The words “sits” and “floor” do not match the reference, lowering the score.

In [7]:
# Example 3 - Testing different n-gram weights
bleu_1gram = sentence_bleu(reference, candidate, weights=(1, 0, 0, 0))  # Unigrams
bleu_2gram = sentence_bleu(reference, candidate, weights=(0.5, 0.5, 0, 0))  # Bigrams
bleu_3gram = sentence_bleu(reference, candidate, weights=(0.33, 0.33, 0.33, 0))  # Trigrams

print(f"BLEU (1-gram): {bleu_1gram:.4f}")
print(f"BLEU (2-gram): {bleu_2gram:.4f}")
print(f"BLEU (3-gram): {bleu_3gram:.4f}")

BLEU (1-gram): 0.6667
BLEU (2-gram): 0.5164
BLEU (3-gram): 0.0000


The hypothesis contains 0 counts of 3-gram overlaps.
Therefore the BLEU score evaluates to 0, independently of
how many N-gram overlaps of lower order it contains.
Consider using lower n-gram order or use SmoothingFunction()
The hypothesis contains 0 counts of 4-gram overlaps.
Therefore the BLEU score evaluates to 0, independently of
how many N-gram overlaps of lower order it contains.
Consider using lower n-gram order or use SmoothingFunction()
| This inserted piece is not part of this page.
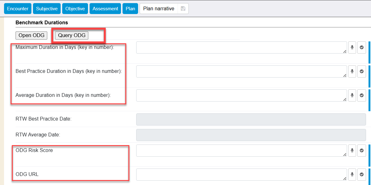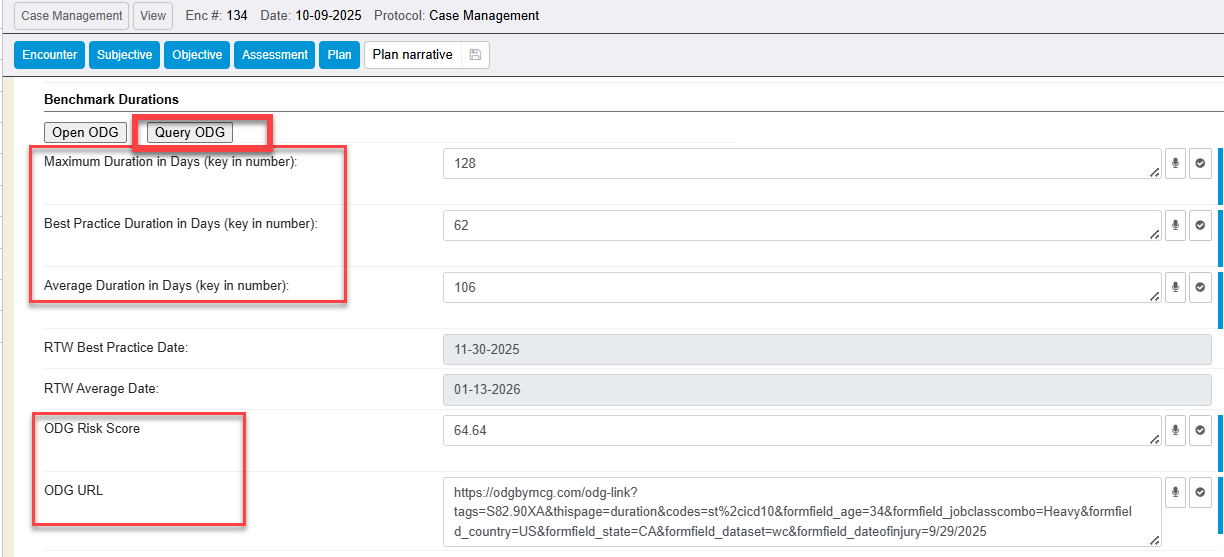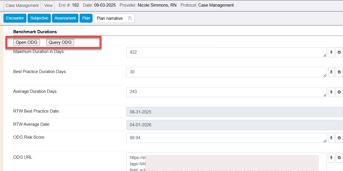 * ODG URL: Inserts the specific URL that was passed back from ODG with all of the criteria used back into Enterprise Health to reference. This URL deep links to ODG (when copy/pasted in a different browser that is logged into ODG) with the encounter entered field criteria and data passed to ODG being used to determine the days and risk score. The ODG system url will take you to the specific ODG duration tab by prepopulating the data within this url and will allow you to use the ODG system in more detail for any other needs. See ODG's [How to Use the Duration Tab](https://www.mcg.com/odg/wp-content/uploads/sites/2/2025/09/HowToUseTheODGDurationTab.pdf) self training PDF guide.

## ROUGE (Recall-Oriented Understudy for Gisting Evaluation)

How ROUGE Works

ROUGE measures recall-based word overlap, used mainly for summarization.

Types of ROUGE

	1.	ROUGE-1: Unigram (single word) overlap.

	2.	ROUGE-2: Bigram (two consecutive words) overlap.
	
	3.	ROUGE-L: Longest Common Subsequence (LCS).

ROUGE Formula


$$ ROUGE = \frac{|Overlapping\ words|}{|Words\ in\ reference|} $$

It calculates Precision, Recall, and F1-score.

In [8]:
!pip install rouge-score

Collecting rouge-score
  Downloading rouge_score-0.1.2.tar.gz (17 kB)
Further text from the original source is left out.